> **SUPPLIED DATA**:
────────────────
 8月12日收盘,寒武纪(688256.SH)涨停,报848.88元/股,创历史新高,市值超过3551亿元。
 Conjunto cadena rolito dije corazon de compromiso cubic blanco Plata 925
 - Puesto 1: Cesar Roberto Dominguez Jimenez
────────────────
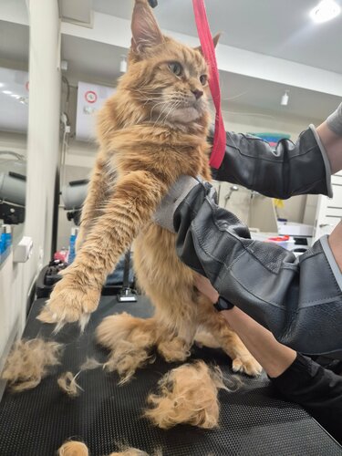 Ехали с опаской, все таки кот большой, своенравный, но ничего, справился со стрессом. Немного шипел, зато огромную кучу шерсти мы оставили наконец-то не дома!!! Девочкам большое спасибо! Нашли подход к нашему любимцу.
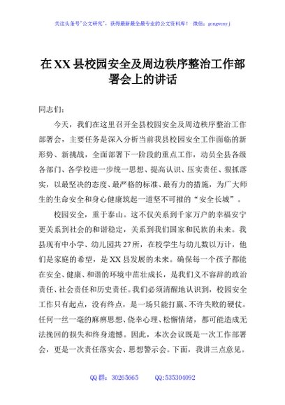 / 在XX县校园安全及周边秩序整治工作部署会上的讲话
────────────────
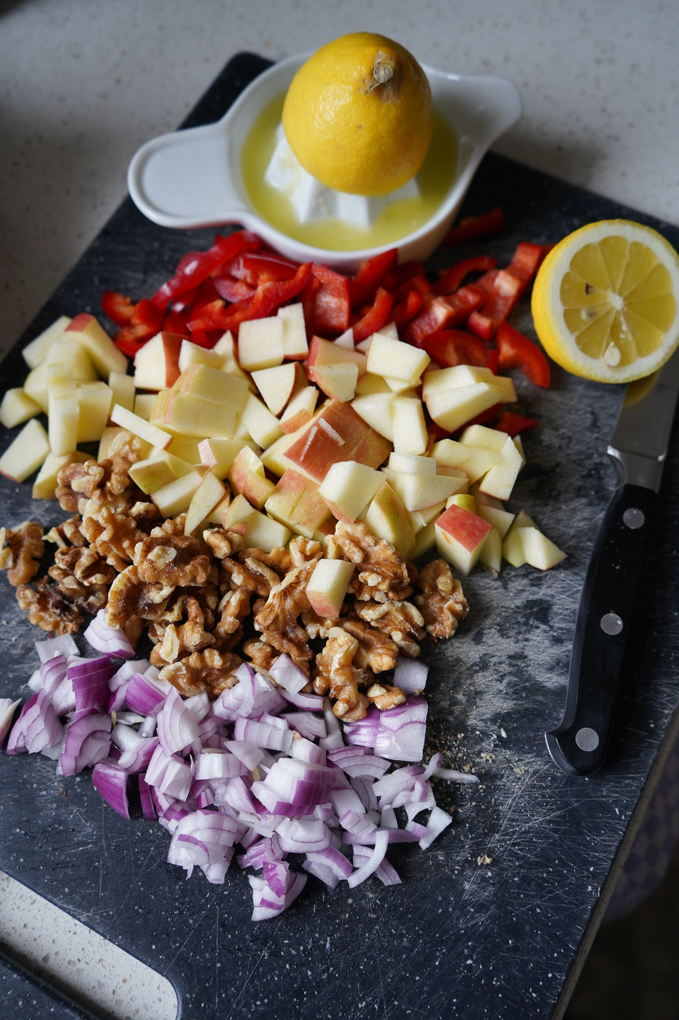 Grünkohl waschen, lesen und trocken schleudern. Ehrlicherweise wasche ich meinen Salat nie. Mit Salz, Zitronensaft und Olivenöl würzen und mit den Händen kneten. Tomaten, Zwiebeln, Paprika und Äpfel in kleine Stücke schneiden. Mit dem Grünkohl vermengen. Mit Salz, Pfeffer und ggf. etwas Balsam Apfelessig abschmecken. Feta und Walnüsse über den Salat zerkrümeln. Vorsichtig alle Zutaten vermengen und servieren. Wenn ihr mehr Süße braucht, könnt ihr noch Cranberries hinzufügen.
────────────────
> **TRY IT**:
Using the records above, write out exactly the lines between the one holding "8月12日收盘,寒武纪(68" and the one holding "- Puesto 1: Cesar Roberto Dominguez Jimenez", inclusive; leave everything else out.

> **RESPONSE TO THE EXERCISE**:
 8月12日收盘,寒武纪(688256.SH)涨停,报848.88元/股,创历史新高,市值超过3551亿元。
 Conjunto cadena rolito dije corazon de compromiso cubic blanco Plata 925
 - Puesto 1: Cesar Roberto Dominguez Jimenez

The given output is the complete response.